Take the lines from the beginning of the material through the line containing "Dunbar Ancient Tartan" and retype them exactly, leaving the pictures out.
····················
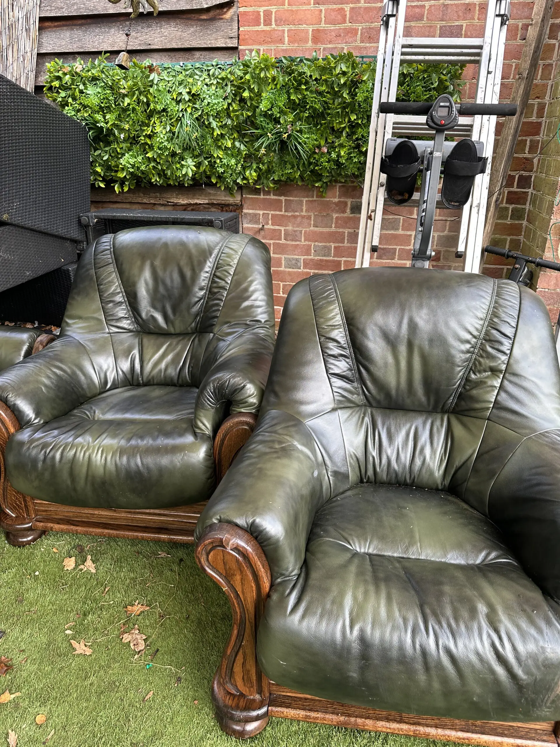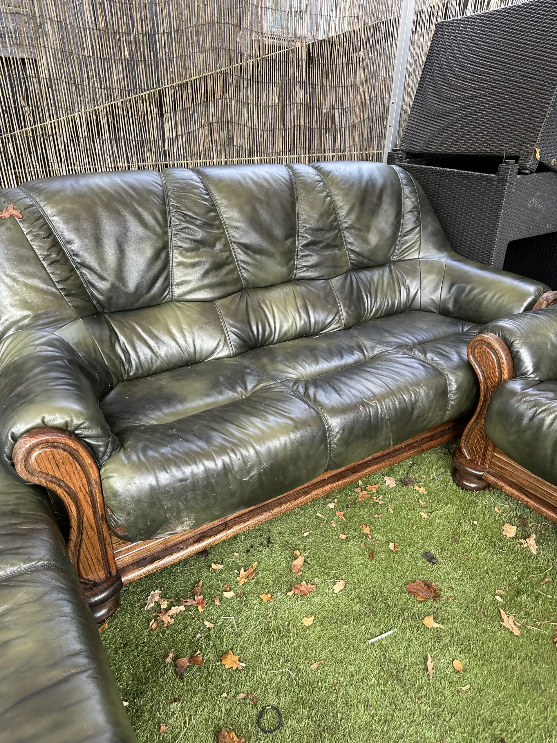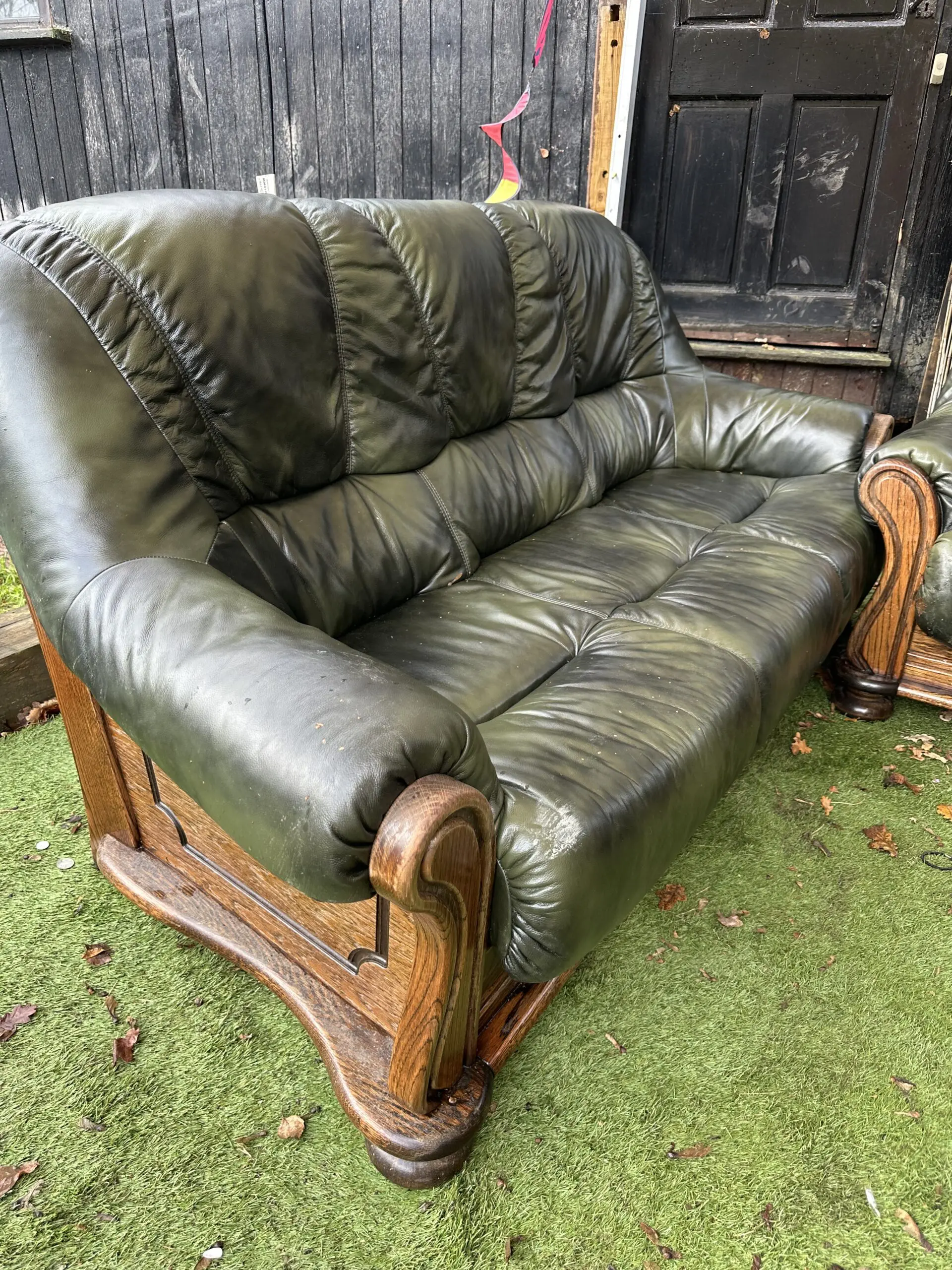 Dark green leather sofa set
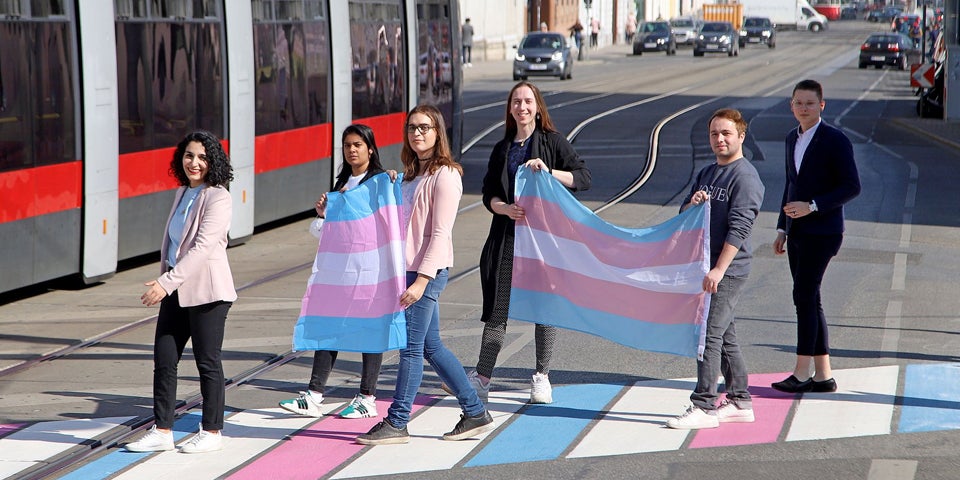 Vielfalt und Solidarität am Alsergrund: Im 9. Bezirk gibt es jetzt den ersten Transgender-Zebrastreifen Österreichs.
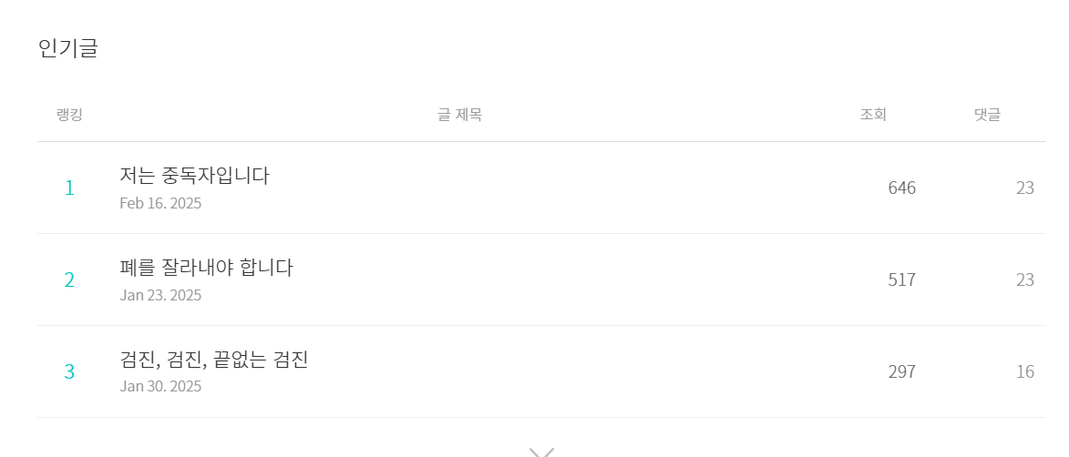 2월의 인기글은 제목으로 어그로를 끌었던 '저는 중독자입니다'가 1위네요. 제목의 중요성을 다시 한번 실감합니다.
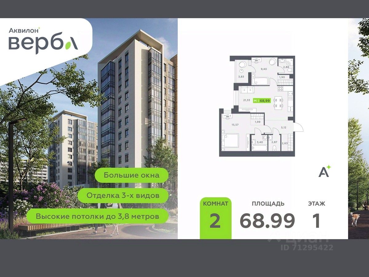 2-комн. квартира от застройщика с предчистовой отделкой в ЖК "Аквилон Верба" на 1 этаже. Общая площадь: 68.99 кв.м., площадь просторной кухни-столовой: 21.33 кв.м. Высота потолков 2.72 м.
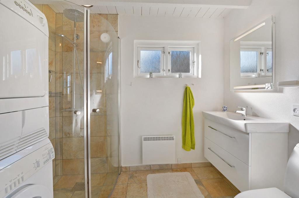 Badeværelset er flot og funktionelt, med bruseniche, vaskemaskine og tørretumbler – perfekt til både korte og lange ophold.
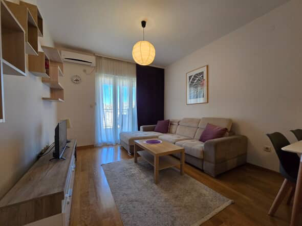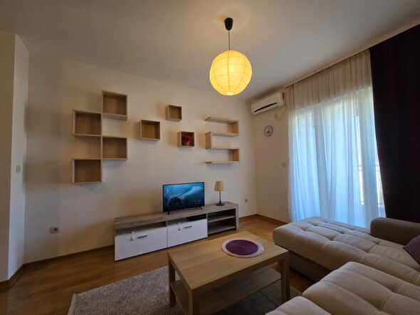 Opis: Iznajmljuje se kompletno namješten jednosoban stan površine 46m2 na vrhunskoj lokaciji u Bloku 6. Stan se nalazi na osmom spratu (od deset) zgrade Zetagradnja, a ova zgrada posjeduje dva lifta. Struktura stana: ulazni hodnik, dnevni boravak, kuhinja i trpezarija, kupatilo i terasa. Terasa je potpuno zastakljena i može služiti kao vešeraj. Stan je orijentisan sjeverno, ima dosta svjetlosti tokom čitavog dana. U prizemlju ove zgrade nalazi se sve što je potrebno za svakodnevn život: marketi, kafići, apoteke, restorani i sl. U neposrednoj blizini su OŠ i vrtić. STan je sloboda za useljenje od prvog decembra.
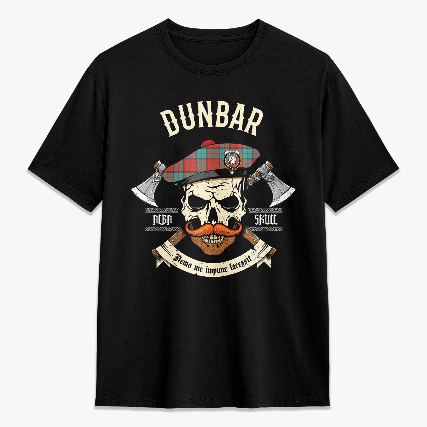 Dunbar Ancient Tartan Crest 2D T-shirt - Alba Skull Style,
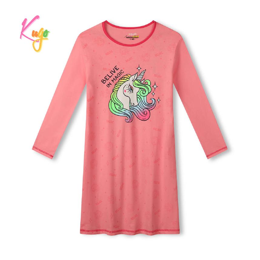 Dívčí junior noční košilka s dlouhým rukávem značky Kugo s obrázkem jednorožce. Noční košile je vyrobena z příjemného a kvalitního bavlněného materiálu.
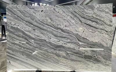 纹理特征:板面分布着灵动的波浪状流动纹,以中灰、深灰为主色调的纹理呈曲线交织,如同云雾翻涌或水流波纹,线条舒展且富有动态感,打破了底色的单调感;
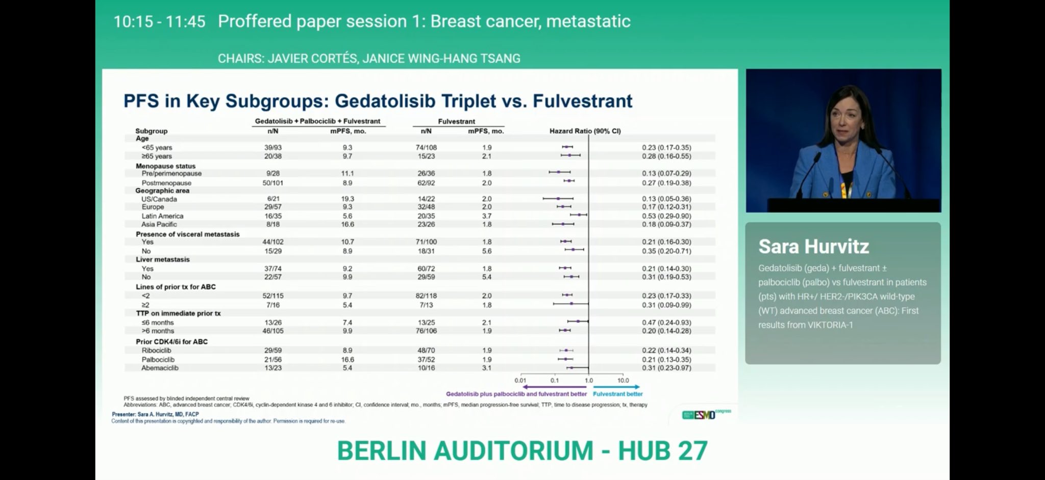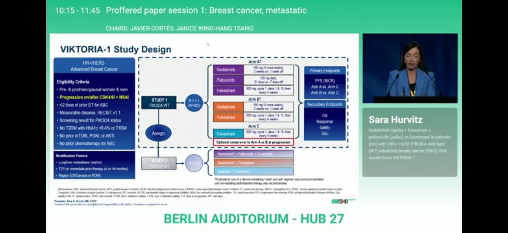 “VIKTORIA-1 w PI3K/AKT/mTOR (PAM) pathway Inhibitor gedatolisib + fulvestrant +/- palbo improves PFS in WT as triplet and doublet with different AEs—stomatitis increased, hyperglycemia decreased
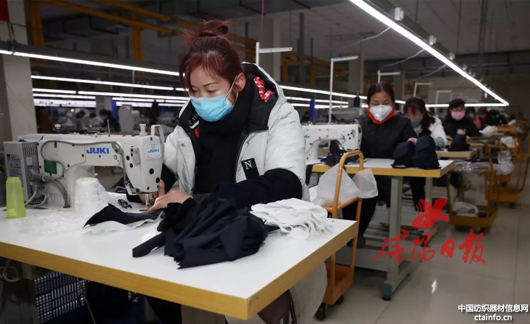 2月5日在陕西咸阳杜克普服装有限公司生产车间三到五人的各生产小组正在全力紧张地进行流水线生产作业。
····················
* [Exercise solution]:
 Dark green leather sofa set
 Vielfalt und Solidarität am Alsergrund: Im 9. Bezirk gibt es jetzt den ersten Transgender-Zebrastreifen Österreichs.
 2월의 인기글은 제목으로 어그로를 끌었던 '저는 중독자입니다'가 1위네요. 제목의 중요성을 다시 한번 실감합니다.
 2-комн. квартира от застройщика с предчистовой отделкой в ЖК "Аквилон Верба" на 1 этаже. Общая площадь: 68.99 кв.м., площадь просторной кухни-столовой: 21.33 кв.м. Высота потолков 2.72 м.
 Badeværelset er flot og funktionelt, med bruseniche, vaskemaskine og tørretumbler – perfekt til både korte og lange ophold.
 Opis: Iznajmljuje se kompletno namješten jednosoban stan površine 46m2 na vrhunskoj lokaciji u Bloku 6. Stan se nalazi na osmom spratu (od deset) zgrade Zetagradnja, a ova zgrada posjeduje dva lifta. Struktura stana: ulazni hodnik, dnevni boravak, kuhinja i trpezarija, kupatilo i terasa. Terasa je potpuno zastakljena i može služiti kao vešeraj. Stan je orijentisan sjeverno, ima dosta svjetlosti tokom čitavog dana. U prizemlju ove zgrade nalazi se sve što je potrebno za svakodnevn život: marketi, kafići, apoteke, restorani i sl. U neposrednoj blizini su OŠ i vrtić. STan je sloboda za useljenje od prvog decembra.
 Dunbar Ancient Tartan Crest 2D T-shirt - Alba Skull Style,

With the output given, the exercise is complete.